Data points that don’t make sense, such as yields that are greater than 100%, are discarded at this stage. I always try to figure out what caused an error like this. If I don’t know why it happened, the same error could be affecting my data in smaller ways without my noticing.
If the data does appear to be affected by a potential source of error that I wrote down, even if it is not technically impossible, I have the option of taking a new sample or rerunning the reaction depending on where I expect the error occurred.
To ensure data is reproducible, reactions are often run multiple times. I only ran each reaction once at this stage, but it is not uncommon to run every reaction twice or three times and use average values. For different branches of science in different contexts, the number of trials for each data point can be even higher. Data with many trials can be further analyzed to ensure the quality of the data is high. For example, any dataset with at least four points can be analyzed for outliers, and those points can be discarded.
All these things are simply additional checks to make sure that data is of high quality.
This, again, is the final figure displaying the data I collected for the optimization of my model reaction at the three temperatures I chose. This figure is intended for a progress report given to other members of my research group, so we can all quickly observe the trend in reaction rate as temperature increases.
I have answered my research question! There is a temperature at which I can run my reaction approximately to completion within four hours: the yield reaches 98% at some time between three and four hours when the reaction is run at 60 °C. If the reaction is any colder, the reaction proceeds too slowly for my purposes, so 60 °C is my optimal temperature. I do not need to try any higher temperatures.

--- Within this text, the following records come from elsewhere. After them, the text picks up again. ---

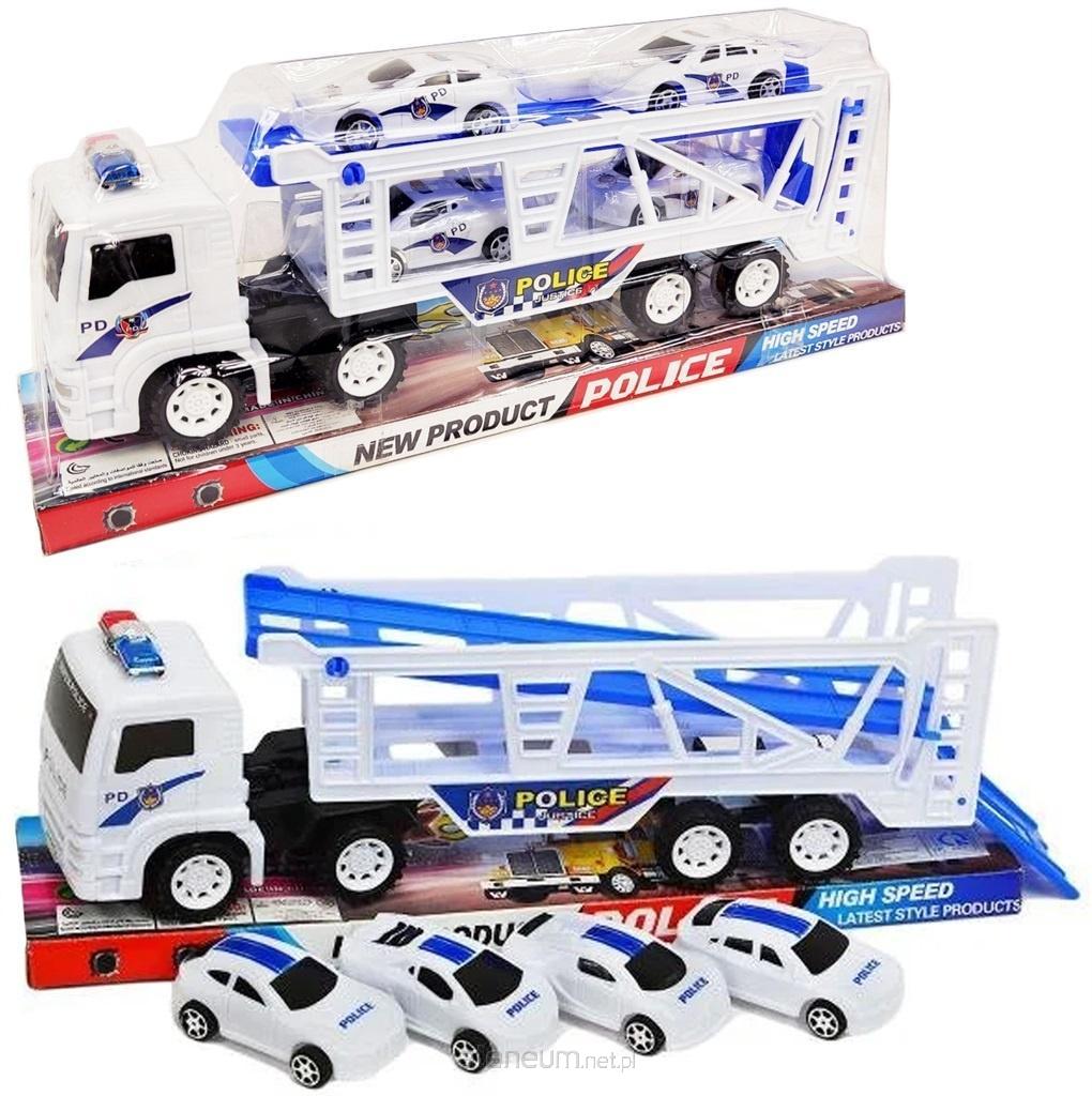 Laweta policyjna z otwieranym tyłem i 4 autkami w komplecie.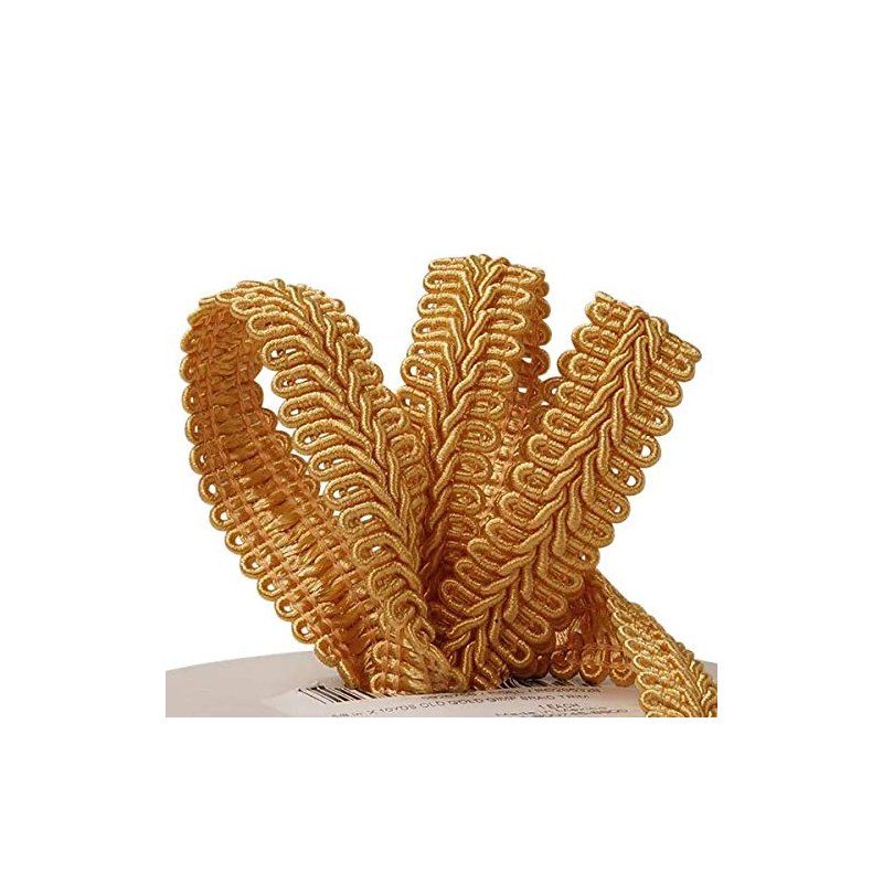 Old Gold Gimp Braid Trim 5/8" X 10 Yards - Old Gold Gimp Braid Trim, 5/8" X 10yd, features a lovely scroll-like pattern. Made from quality fabric, this gimp trim is great for sewing and embroidery like adding trim to dresses, coats, etc.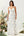 Een lijn diepe V-hals groen bedrukte lange bruidsmeisjesjurk
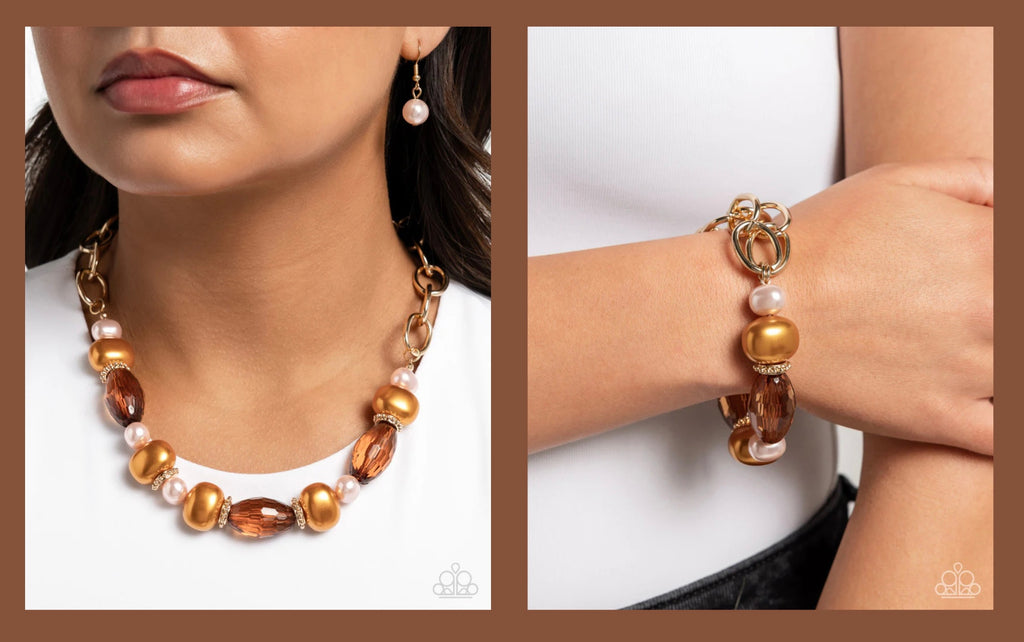 Connected to glistening gold chains, a collection of glossy soft pink pearls, Buckthorn Brown abstract pearls, studded gold discs, and faceted clear light brown oval beads Includes one pair of matching earrings. The bracelet is a direct match to the necklace. (Fashion Fix Exclusive December 2024)

I hope this helps you appreciate that the attention to detail behind the collection of even straightforward data can quickly become immense. High quality science builds trust within the scientific community as well as with the public, and we can only know science is of good quality by scrutinizing it. When you look at research, ask yourself: is this quality data? How do you know? Thinking critically about data for yourself can teach you a lot about the world and how we understand it.